◆ Work order ◆
Output, verbatim and without pictures, the lines from the first line of the listing through the line containing "Eleganckie czarno-białe szpilki z kokardką".

◆ Given information ◆
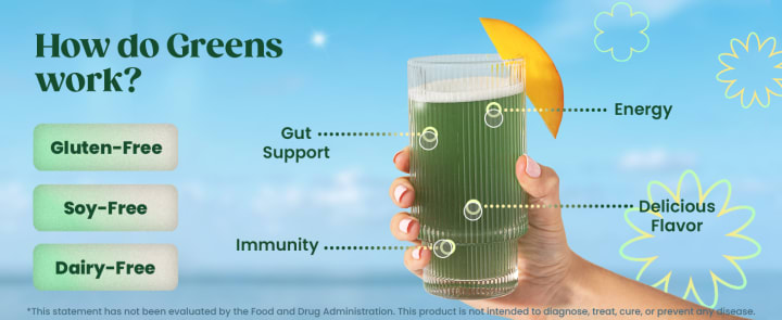 Additionally, the product provides natural energy derived from micronutrient-dense superfoods, matcha powder, and garden-fresh fruits and vegetables.
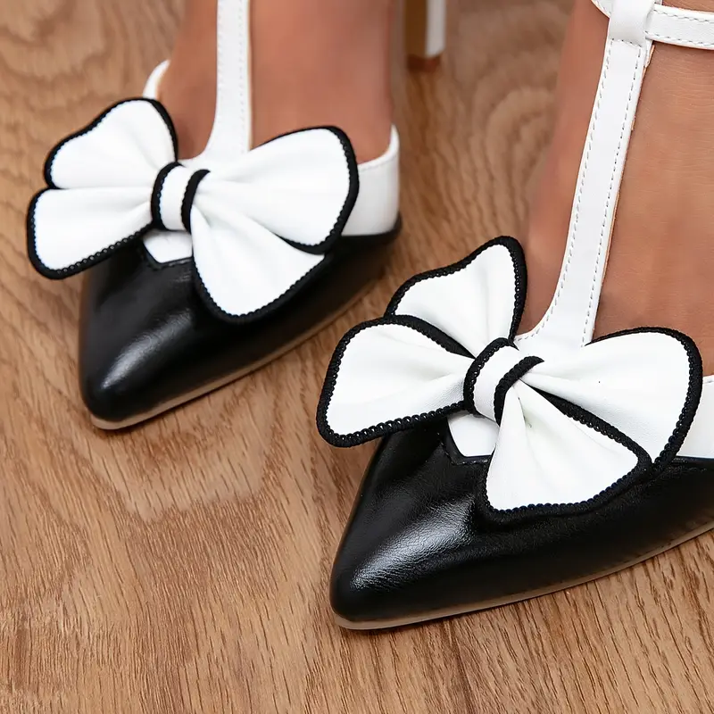 Eleganckie czarno-białe szpilki z kokardką
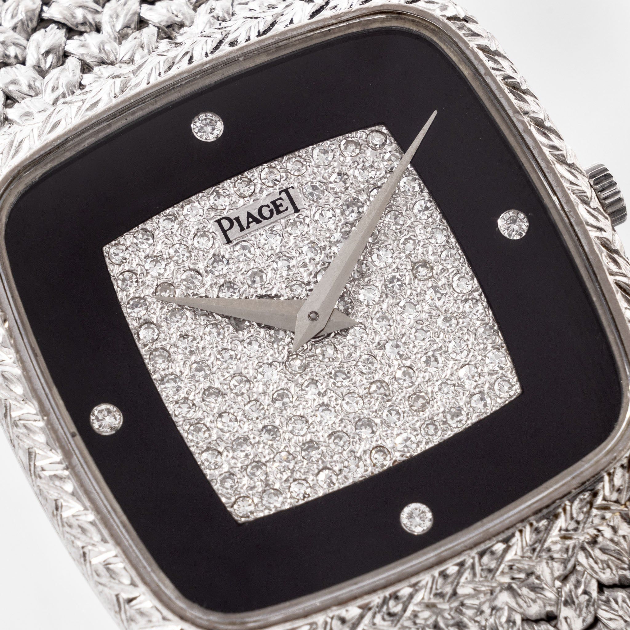 This Piaget, reference 9771 D2, is a prime example from the brand's golden era—a period between the 1960s and 1990s when Piaget perfected the art of seamlessly combining high-end watchmaking with exceptional jewelry craftsmanship! This particular model captures the essence of the iconic Piaget style: an ultra-slim, distinctive cushion-shaped case in 18K white gold, measuring 30 x 30 mm, and a masterful blend of onyx, 18K white gold, and pavé-set diamonds. The thin and very cool "woven" integrated white gold bracelet fits wrists up to 18.5 cm. This fine dresser is powered by the hand-wound Caliber 9P2, which has been fully serviced by our watchmaker. We have a full quartet of these iconic Piaget dress watches, and they are finally getting the attention these high-end jewelry timepieces deserve. We’d love to chat with you to help you choose the one that suits you best. Get in touch! Specifications: - Piaget Reference 9771 D2 Tradition- 30mm 18K white gold cushion-shaped ultra-thin case- Onyx Pavé dial with four diamond hour markers- No-lume dauphine hands- Hand-wound ultra-thin Cal. 9P2- Integrated "woven" 18K white gold bracelet- Serial 436xxx, dating to the early 1980s- Fully serviced by our watchmaker- One-year mechanical warranty- Free worldwide FedEx Priority shipping

◆ Your solution ◆
 Additionally, the product provides natural energy derived from micronutrient-dense superfoods, matcha powder, and garden-fresh fruits and vegetables.
 Eleganckie czarno-białe szpilki z kokardką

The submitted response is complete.